Enduring example Kareem Abdul-Jabbar has made a life’s work of healthy living

The Los Angeles Lakers legend, slated to come to Abu Dhabi for a diabetes awareness campaign starting on Tuesday, has fashioned a decades-long career revolving around health and fitness.

Los Angeles Lakers legend Kareem Abdul-Jabbar, slated to come to Abu Dhabi for a diabetes awareness campaign starting on Tuesday, has fashioned a decades-long career revolving around health and fitness. AP Photo/Reed Saxon
Powered by automated translation

Across two decades in the National Basketball Association, Kareem Abdul-Jabbar was an enduring example of sporting excellence.

He set an NBA record for points scored and his 1,560 games, over 20 seasons, ranks second on the league’s list.

In addition to skill and size, which accounted for his record points total of 38,387, he was a paragon of healthy living.

During and after his basketball career, which ended at age 42 in 1989 with six championships and six Most Valuable Player awards, he was known as a practitioner of yoga and martial arts, avoided tobacco products and kept his weight under control.

It is, perhaps, no surprise that one of sport’s renaissance men, a published author and respected social critic, should promote healthy lifestyles among his many interests.

“It’s a part of what I do. It’s a very important part of me,” Abdul-Jabbar said ahead of his arrival for Wednesday’s diabetes walk in Al Ain, an event being organised by the Imperial College London Diabetes Centre.

It will be the highlight of a visit that includes helping promote the Walk 2014 walkathon at Yas Marina Circuit on November 7, among other clinics and appearances the American will make to support the fight against diabetes, to advance sport and promote his larger lifestyle philosophy.

“I like to promote diabetes [campaigns], with how much a problem diabetes is,” said the former Los Angeles Laker. “Promoting diet and exercise and healthy living, you kind of really make it possible for people to have more productive and healthier lives.”

Over the course of his career at the University of California Los Angeles and in the NBA, Abdul-Jabbar was a larger-than-life figure, at 2.18 metres, on the basketball court.

He won three national championships at UCLA, where he played under his birth name of Ferdinand Lewis Alcindor, and was the first pick of the 1969 draft by the Milwaukee Bucks. After his conversion to Islam, he changed his name to Kareem Abdul-Jabbar in 1971. He was traded to Los Angeles in 1975, where he later teamed with Magic Johnson on the “Showtime” Lakers. He was chosen to play in the NBA’s all-star game 19 times and was voted to the All-NBA first team 10 times.

A man who accomplished nearly everything in basketball said he was excited to use the sport as one tool to encourage lifestyle shifts.

“I’ll be doing basketball. We’re going to go to a three-on-three tournament and oversee that,” he said. “It’s interesting how they’ve got it set up; I’ll be promoting the sport of basketball and just generally good health by staying active.
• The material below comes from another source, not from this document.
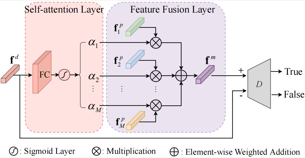 如图2所示,ADFL的网络结构由自注意力(SA)层、特征融合层和判别器组成。假设将一张无干扰标签的人脸表情图像输入到ADDM和DFEM中,此时,

“This is great because the whole idea of promoting health through sports works in the long term. To tie sport into getting people healthier, you can’t lose.”

His fluidity around the rim and unparalleled ability to score were hallmarks of his career, as were the eye-protecting goggles he wore while playing.

He is the only player to perfect the “skyhook”. It was a piece of carefully timed performance art, which would see him turn his left shoulder towards the basket and lift his long right arm to roll the ball off his fingertips. It was a shot nearly impossible to defend.

The shot remains his trademark, 25 years after he stopped playing. When he left the game, the shot left with him.

“It’s an easy shot to learn and use it and do well with it. Not a whole lot of guys have used it that much and that has kind of mystified me,” Abdul-Jabbar said. “I’m sure somebody else is going to figure it out and take a stab at it.

“LeBron James once said he was thinking of bringing it back. I think he’d be able to be very effective with it. I’d love to see him give it a try.”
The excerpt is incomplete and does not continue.